Palabras clave: Bladder leyomiosarcoma. Partial cistectomy. Adjuvant radiotherapy.

Introduction

Non-urothelial neoplasms account for less than 5% of all bladder tumors. Bladder leiomyosarcoma is an infrequent malignancy, representing less than 1% of all bladder neoplasms. Nevertheless, among the range of mesenchymal tumors, leiomyosarcoma is the most common lesion found in the bladder. The characteristics of this tumor were first described in 1950 (1). It is generally an aggressive lesion, and the literature points to radical surgery as the management of choice. The growing tendency to choose conservative surgical procedures with a view to preserving bladder function; the few data found in the literature; and the lack of large patient series make it difficult to draw firm conclusions regarding the treatment of bladder leiomyosarcoma. A review of the literature on the subject has therefore been made, particularly as refers to surgical and other alternative treatments, and a new case corresponding to an elderly patient is presented.

Case report

A 75-year-old male presented with a history of moderate chronic obstructive pulmonary disease and no other medical antecedents of interest. He was an ex-smoker of 20 packs of cigarettes/year. There were no references to alcohol abuse, environmental risk factors or familial antecedents.
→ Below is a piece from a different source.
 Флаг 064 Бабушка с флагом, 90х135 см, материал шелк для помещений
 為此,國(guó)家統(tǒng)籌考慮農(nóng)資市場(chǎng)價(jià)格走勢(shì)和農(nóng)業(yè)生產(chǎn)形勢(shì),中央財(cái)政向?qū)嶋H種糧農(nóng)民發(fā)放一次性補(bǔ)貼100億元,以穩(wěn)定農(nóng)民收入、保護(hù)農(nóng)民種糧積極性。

The patient reported to the emergency Service with urethral bleeding and urinary retention. Since urethral catheterization did not prove possible, a suprapubic catheter was placed, followed by evaluation of the case. Ultrasound revealed a large distended bladder with an apparent single diverticulum of a size similar to that of the bladder itself (over 13 cm in maximum diameter), with several wall polypoid images measuring under 2-3 cm in size both in the bladder and in the diverticulum, suggestive of a bladder neoplastic process.
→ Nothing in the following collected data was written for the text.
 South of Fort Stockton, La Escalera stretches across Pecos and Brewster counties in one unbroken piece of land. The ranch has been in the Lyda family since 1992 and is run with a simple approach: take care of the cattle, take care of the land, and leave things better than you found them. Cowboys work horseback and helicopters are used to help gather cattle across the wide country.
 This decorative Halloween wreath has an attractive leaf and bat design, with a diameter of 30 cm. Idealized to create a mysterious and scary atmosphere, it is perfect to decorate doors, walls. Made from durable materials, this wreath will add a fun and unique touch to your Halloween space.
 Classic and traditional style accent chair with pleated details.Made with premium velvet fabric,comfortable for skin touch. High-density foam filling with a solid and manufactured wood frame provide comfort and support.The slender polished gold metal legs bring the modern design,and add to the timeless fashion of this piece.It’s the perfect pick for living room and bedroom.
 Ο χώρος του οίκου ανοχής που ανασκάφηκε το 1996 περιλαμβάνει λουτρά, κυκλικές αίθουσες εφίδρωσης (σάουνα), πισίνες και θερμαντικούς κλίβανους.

In view of the ultrasound findings and urethral stenosis, an ureterotomy was performed with cystoscopy which revealed a solid calcified tumor measuring almost 7 cm in size, located on the lateral wall. Transurethral resection was performed in the same surgical intervention, leaving residual tumor.

The histopathological findings proved inconclusive; however, immunohistochemical analysis of the sample revealed epithelial marker negativity and fibroblastic marker positivity (vimentin and actin), compatible with a reactive fibroblastic proliferation or solitary fibrous tumor.

Based on these results, the decision was taken to complete surgery, opting for partial cystectomy and diverticulectomy, with the following histological findings: low-grade leiomyosarcoma (3 mitotic figures per 10 high-magnification fields), with marked cellular pleomorphism. Focal intratumor necrosis was noted, along with multiple images of isolated cell necrosis. Extensive areas with myxoid changes were observed, with intense intra- and peritumor inflammation. The full thickness of the diverticular wall was infiltrated to the peridiverticular adipose tissue, inducing a peritumor fibrous reaction. The surgical margins were disease-free.

Immunohistochemistry: The tumor cells proved positive for muscle differentiation markers (vimentin and actin), and were negative for desmin and epithelial markers (EMA and high molecular weight cytokeratins).

With the diagnosis of low-grade leiomyosarcoma with invasion of all the layers, the case was evaluated by the clinical committee, which decided to provide adjuvant therapy in view of the high risk condition of the patient. The study of disease spread was moreover completed with a chest and abdominal CAT scan, bone gammagraphy and pelvic MRI, which showed no distant spread.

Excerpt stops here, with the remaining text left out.